» **TASK DESCRIPTION**
The copy you print must match the listing exactly, with its pictures removed.
#### PROVIDED DATA
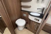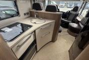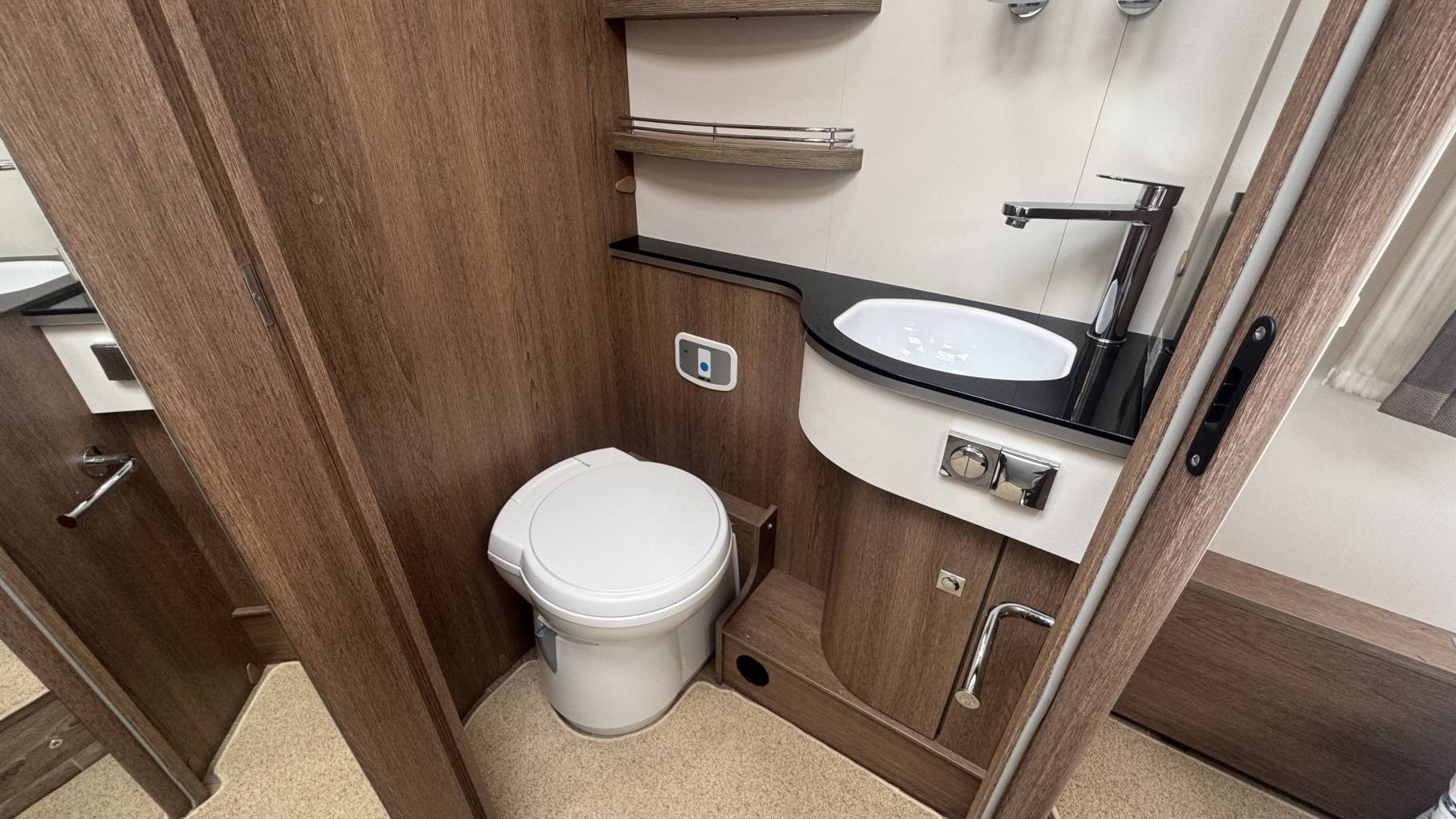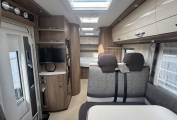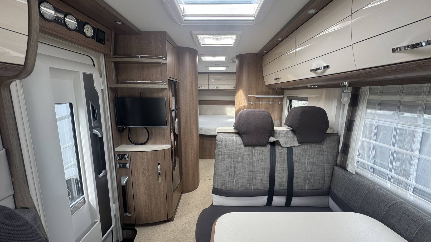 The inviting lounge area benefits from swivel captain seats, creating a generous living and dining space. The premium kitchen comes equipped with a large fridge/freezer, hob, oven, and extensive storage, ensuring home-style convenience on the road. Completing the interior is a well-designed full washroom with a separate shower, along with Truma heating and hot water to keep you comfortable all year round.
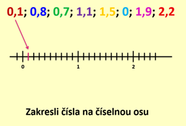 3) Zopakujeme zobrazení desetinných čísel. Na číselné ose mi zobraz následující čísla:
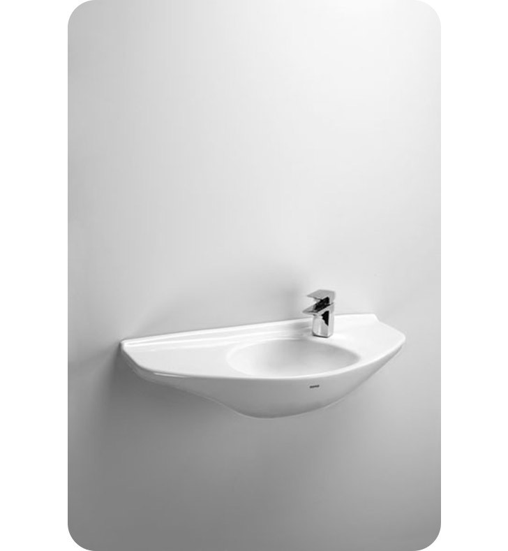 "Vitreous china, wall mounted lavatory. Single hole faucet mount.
########
» **RESULT OF THE TASK**
 The inviting lounge area benefits from swivel captain seats, creating a generous living and dining space. The premium kitchen comes equipped with a large fridge/freezer, hob, oven, and extensive storage, ensuring home-style convenience on the road. Completing the interior is a well-designed full washroom with a separate shower, along with Truma heating and hot water to keep you comfortable all year round.
 3) Zopakujeme zobrazení desetinných čísel. Na číselné ose mi zobraz následující čísla:
 "Vitreous china, wall mounted lavatory. Single hole faucet mount.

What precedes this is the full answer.